Theming and Customization
ApexGantt ships with built-in light and dark themes. Every color token is individually overridable, bar labels support custom HTML renderers, and the entire timeline can be mirrored for right-to-left languages.
Built-in themes
The theme option accepts 'light' (default) or 'dark'. The dark preset adjusts bar colors, backgrounds, and borders to suit dark surfaces without requiring any manual color overrides.

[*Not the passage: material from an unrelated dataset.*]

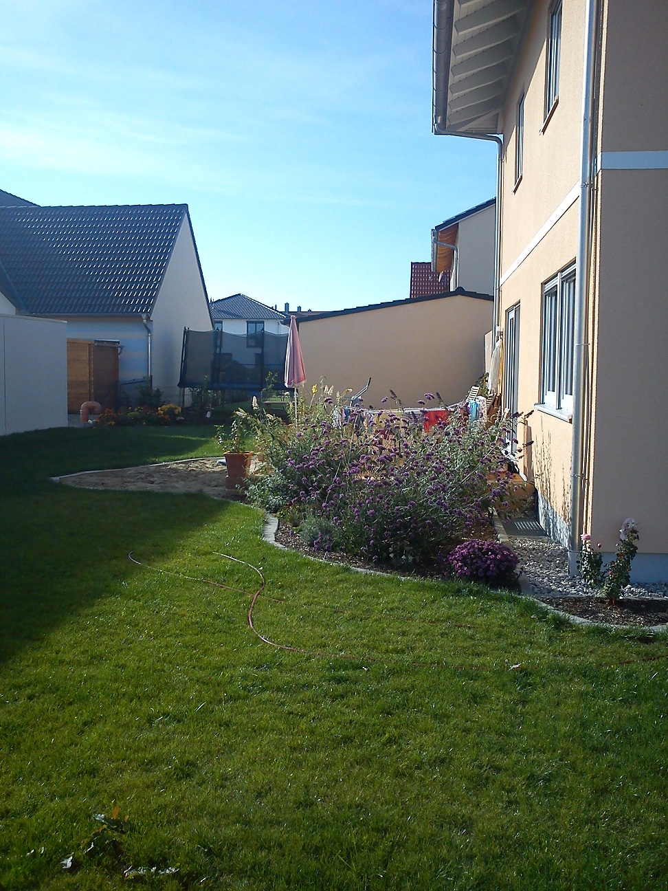 Wenn ich deine Zeichnung richtig interpretiere Flip, habt ihr ja vor, noch an der Südgrenze vom Grundstück ein Blumenbeet zur Begrünung der Nachbargaragen zu machen. Bei meiner Überlegung hätte ich eher diese Ecke genommen als unmittelbar den Platz an der Terrasse. War vielleicht etwas blöde ausgedrückt. Und dort wäre eben mit einer von dir begrünten Pergola diese Ecke+ Mauerwerk ebenfalls dekorativ versteckt.

// Initialize with dark theme
const gantt = new ApexGantt(document.querySelector('#chart'), {
series: tasks,
theme: 'dark'
})
You can switch the theme at runtime using update(). The chart re-renders immediately with no page reload required.
// Toggle between themes
document.querySelector('#toggle-theme').addEventListener('click', () => {
const current = gantt.options.theme
gantt.update({ theme: current === 'dark' ? 'light' : 'dark' })
})
Color customization
All color options are optional. Unset options fall back to the theme default (light or dark). Override only the tokens you need.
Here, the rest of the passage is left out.